From mboxrd@z Thu Jan  1 00:00:00 1970
Received: from eggs.gnu.org ([2001:4830:134:3::10]:60306)
	by lists.gnu.org with esmtp (Exim 4.71) (envelope-from <pl@kamp.de>)
	id 1WHsjn-0000bn-JT
	for qemu-devel@nongnu.org; Mon, 24 Feb 2014 05:26:21 -0500
Received: from Debian-exim by eggs.gnu.org with spam-scanned (Exim 4.71)
	(envelope-from <pl@kamp.de>) id 1WHsjh-0002p1-Uj
	for qemu-devel@nongnu.org; Mon, 24 Feb 2014 05:26:15 -0500
Received: from mx.ipv6.kamp.de ([2a02:248:0:51::16]:52744 helo=mx01.kamp.de)
	by eggs.gnu.org with esmtp (Exim 4.71) (envelope-from <pl@kamp.de>)
	id 1WHsjh-0002ot-K4
	for qemu-devel@nongnu.org; Mon, 24 Feb 2014 05:26:09 -0500
Message-ID: <530B1E3D.8050204@kamp.de>
Date: Mon, 24 Feb 2014 11:26:05 +0100
From: Peter Lieven <pl@kamp.de>
MIME-Version: 1.0
References: <1393074022-32388-1-git-send-email-pl@kamp.de>
	<20140224101152.GE3775@dhcp-200-207.str.redhat.com>
In-Reply-To: <20140224101152.GE3775@dhcp-200-207.str.redhat.com>
Content-Type: text/plain; charset=ISO-8859-1; format=flowed
Content-Transfer-Encoding: 7bit
Subject: Re: [Qemu-devel] [RFC PATCH] block: optimize zero writes with
	bdrv_write_zeroes
List-Id: <qemu-devel.nongnu.org>
List-Unsubscribe: <https://lists.nongnu.org/mailman/options/qemu-devel>,
	<mailto:qemu-devel-request@nongnu.org?subject=unsubscribe>
List-Archive: <http://lists.nongnu.org/archive/html/qemu-devel>
List-Post: <mailto:qemu-devel@nongnu.org>
List-Help: <mailto:qemu-devel-request@nongnu.org?subject=help>
List-Subscribe: <https://lists.nongnu.org/mailman/listinfo/qemu-devel>,
	<mailto:qemu-devel-request@nongnu.org?subject=subscribe>
To: Kevin Wolf <kwolf@redhat.com>
Cc: pbonzini@redhat.com, qemu-devel@nongnu.org, stefanha@redhat.com, mreitz@redhat.com

On 24.02.2014 11:11, Kevin Wolf wrote:
> Am 22.02.2014 um 14:00 hat Peter Lieven geschrieben:
>> this patch tries to optimize zero write requests
>> by automatically using bdrv_write_zeroes if it is
>> supported by the format.
>>
>> i know that there is a lot of potential for discussion, but i would
>> like to know what the others think.
>>
>> this should significantly speed up file system initialization and
>> should speed zero write test used to test backend storage performance.
>>
>> the difference can simply be tested by e.g.
>>
>> dd if=/dev/zero of=/dev/vdX bs=1M
>>
>> Signed-off-by: Peter Lieven <pl@kamp.de>
> As you probably have expected, there's no way I can let the patch in in
> this form. The least you need to introduce is a boolean option to enable
> or disable the zero check. (The default would probably be disabled, but
> we can discuss this.)
I would have been really suprised *g*. As you and Fam already pointed
out, the desired behaviour is heavily dependant on the use case.

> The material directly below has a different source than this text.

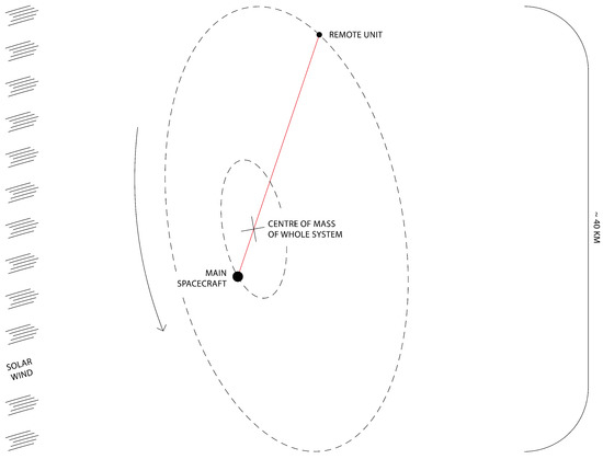 E-sail hardware consists of the following components: a tether on a motorised reel, a high-voltage source, an electron emitter, control electronics, mechanical locks, structure, enclosure and end-mass or remote unit (RU); see Figure 4 as an example of the Multi-Asteroid Touring (MAT) concept. E-sail’s early operations start with spinning up a spacecraft and deploying the tether centrifugally. The motor is used to control and measure the deployment rate. While the system’s angular momentum remains the same, the spin rate decreases as more tether is deployed. For in-orbit demonstration missions, the tether has an end mass that keeps it stretched. For more advanced E-sail missions, the end mass can be replaced by a remote unit. This results in an increase in mass and complexity, but in exchange it introduces new options, such as spin rate and plane control using an increasing arm length. Placing the spin control unit far from the spacecraft–remote unit centre of mass helps to minimise the propellant used to control the spin rate and plane orientation. When the whole tether is deployed, the E-sail can start its proper operations (more details in Section 2.3).

I personally do not need this for QCOW2 but for iSCSI. Here the optimization
is basically saved bandwidth since a zero write becomes a WRITESAME.
Unless the user specifies unmap=on there is no change in what is written to disk.

I would be fine with a default off boolean variable. For my case it would also be
sufficient to have boolean flag in the BlockDriver that indicates if this optimization
is a good idea. For iSCSI I think it is. I think also for GlusterFS. In those both
cases I basically saves bandwidth and let the backend storage more efficiently
write zeroes if it is capable. A third use case would be a raw device on an SSD.
In all cases if unmap=on it would additionally save disk space.

>
>>   block.c               |    8 ++++++++
>>   include/qemu-common.h |    1 +
>>   util/iov.c            |   20 ++++++++++++++++++++
>>   3 files changed, 29 insertions(+)
>>
>> diff --git a/block.c b/block.c
>> index 6f4baca..505888e 100644
>> --- a/block.c
>> +++ b/block.c
>> @@ -3145,6 +3145,14 @@ static int coroutine_fn bdrv_aligned_pwritev(BlockDriverState *bs,
>>   
>>       ret = notifier_with_return_list_notify(&bs->before_write_notifiers, req);
>>   
>> +    if (!ret && !(flags & BDRV_REQ_ZERO_WRITE) &&
>> +        drv->bdrv_co_write_zeroes && qemu_iovec_is_zero(qiov)) {
>> +        flags |= BDRV_REQ_ZERO_WRITE;
>> +        /* if the device was not opened with discard=on the below flag
>> +         * is immediately cleared again in bdrv_co_do_write_zeroes */
>> +        flags |= BDRV_REQ_MAY_UNMAP;
> I'm not sure about this one. I think it is reasonable to expect that
> after an explicit write of a buffer filled with zeros the block is
> allocated.
>
> In a simple qcow2-on-file case, we basically have three options for
> handling all-zero writes:
>
> - Allocate the cluster on a qcow2 and file level and write literal zeros
>    to it. No metadata updates involved in the next write to the cluster.
>
> - Set the qcow2 zero flag, but leave the allocation in place. The next
>    write in theory just needs to remove the zero flag (I think in
>    practice we're doing an unnecessary COW) from the L2 table and that's
>    it.
>
> - Set the qcow2 zero flag and unmap the cluster on both the qcow2 and
>    the filesystem layer. The next write causes new allocations in both
>    layers, which means multiple metadata updates and possibly added
>    fragmentation. The upside is that we use less disk space if there is
>    no next write to this cluster.
>
> I think it's pretty clear that the right behaviour depends on your use
> case and we can't find an one-size-fits-all solution.
I wouldn't mind have this optimization only work on raw format for
the moment.

Peter
>
>> +    }
>> +
>>       if (ret < 0) {
>>           /* Do nothing, write notifier decided to fail this request */
>>       } else if (flags & BDRV_REQ_ZERO_WRITE) {
> Kevin